The harsh winter put the brakes on U.S. economic growth, which slowed to a mere 0.1 percent in the first quarter of 2014, according to Commerce Department reports. Nevertheless, the results of PwC’s Q1 Manufacturing Barometer released in mid-April reflect rising optimism among U.S. industrial manufacturers. More than 70 percent of those surveyed expressed optimism about the prospects for the U.S. economy over the next 12 months, reaching the highest level of optimism since the fourth quarter of 2005.
“This improved sentiment bodes well for the year ahead, as management teams continue to indicate consistent near-term spending plans, including hiring more workers, supporting new product development, and investing in IT and R&D,” said Bobby Bono, PwC’s industrial manufacturing leader.
Those spending plans are evident in the projects in each of the 20 states that were awarded Gold or Silver Shovels by Area Development this year.
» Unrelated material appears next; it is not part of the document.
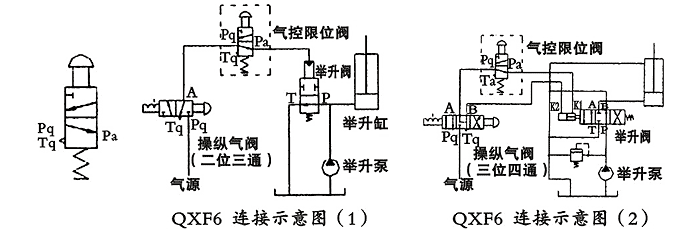 用途與特征: QXF6型(xing)氣(qi)控(kong)限(xian)位(wei)閥(fa)是(shi)二(er)位(wei)三(san)通(tong)型(xing)的(de)氣(qi)動(dong)元(yuan)件(jian),以(yi)壓(ya)縮(suo)空(kong)氣(qi)為(wei)工(gong)作(zuo)介(jie)質(zhi),在(zai)各(ge)種(zhong)自(zi)卸(xie)車(che)的(de)控(kong)製(zhi)氣(qi)路(lu)中(zhong)它(ta)與(yu)舉(ju)升(sheng)閥(fa)的(de)控(kong)製(zhi)氣(qi)缸(gang)管(guan)路(lu)串(chuan)接(jie)在(zai)一(yi)起(qi)使(shi)用(yong),是(shi)自(zi)卸(xie)車(che)舉(ju)升(sheng)至(zhi)極(ji)限(xian)位(wei)置(zhi)時(shi)起(qi)限(xian)位(wei)作(zuo)用(yong)控(kong)製(zhi)閥(fa)。 QXF6型氣控限位閥的原始位置Pq口與Pa口是連通的(常開式結構)。在連接示意圖(1)中搬動操縱氣閥的手柄換向至工作位置(Pq口與A口連通)將(jiang)壓(ya)縮(suo)空(kong)氣(qi)經(jing)氣(qi)控(kong)限(xian)位(wei)閥(fa)進(jin)入(ru)舉(ju)升(sheng)閥(fa)氣(qi)缸(gang)使(shi)舉(ju)升(sheng)閥(fa)換(huan)向(xiang)實(shi)現(xian)液(ye)壓(ya)缸(gang)上(shang)升(sheng)。當(dang)車(che)廂(xiang)舉(ju)升(sheng)到(dao)最(zui)大(da)轉(zhuan)角(jiao)位(wei)置(zhi)時(shi),限(xian)位(wei)機(ji)構(gou)將(jiang)氣(qi)控(kong)限(xian)位(wei)閥(fa)的(de)限(xian)位(wei)杆(gan)壓(ya)下(xia)切(qie)斷(duan)其(qi)進(jin)氣(qi)口(kou)(Pq口與Pa口是斷開),Pa口與Tq口接通使舉升閥氣缸內的壓縮空氣由氣控限位閥排入大氣。這時舉升閥P口與T口瞬間連通,舉升缸即下降一段距離(車廂舉升轉角變小),隨車廂舉升轉角變小氣控限位閥的限位杆恢複原始狀態同時壓縮空氣經該閥再次進入舉升閥氣缸使舉升缸,上升(車廂再次舉升到最大轉角位置)。 在氣控限位閥的限位杆行程範圍內(即Pa口的閉合開啟閉合)實現車廂下降舉升下降往複變化過程,使車廂產生輕微抖動有利於將車廂內的殘留物體卸掉。在連接示意圖(2)中搬動操縱氣閥的手柄換向至工作位置(Pq口與A口連通)將壓縮空氣經氣控限位閥進入舉升閥的氣缸K1口實現液壓缸上升。當車廂舉升到最大轉角位置時,限位機構將氣控限位閥的限位杆壓下切斷其進氣口(Pq口與Pa口是斷開),Pa口與Tq口接通使舉升閥氣缸內的壓縮空氣由氣控限位閥排入大氣。這時舉升閥回到中位,P口經B口與T口連通回油,A口關閉車廂處於最高舉升位置狀態。

These states are recognized for their efforts in attracting capital investment and job-creation through their pro-business policies, highly developed infrastructures, well-qualified work forces, and creative business assistance programs that convinced companies to locate new facilities within their borders or to expand and add jobs to facilities already there. One state in each of five population categories received a Gold Shovel, with a Silver Shovel going to 15 runner-up states. Additionally, five “projects of the year” (one in each population category) are recognized for their sizable investment and job-creation numbers.
Also in this issue is our Leading Locations report wherein 379 MSAs were ranked against 21 economic and workforce indicators to determine the overall leaders, as well as those MSAs leading among small, mid-size, and big cities, and within nine regions of the country (see report beginning on page 81). Despite sluggish U.S. GDP growth, these Leading Locations are MSAs that have managed to land new and expanded businesses and grow their local economies. The rebirth of American manufacturing, advances in technology, and the energy revolution brought about by fracking have all contributed to their growth.
Although the U.S. economy was off to a slow start this year, the OECD is expecting U.S. economic growth to average 2.6 percent in 2014, rising to 3.5 percent in 2015. And the states and MSAs highlighted in this issue will be among the leaders of the predicted economic rebound.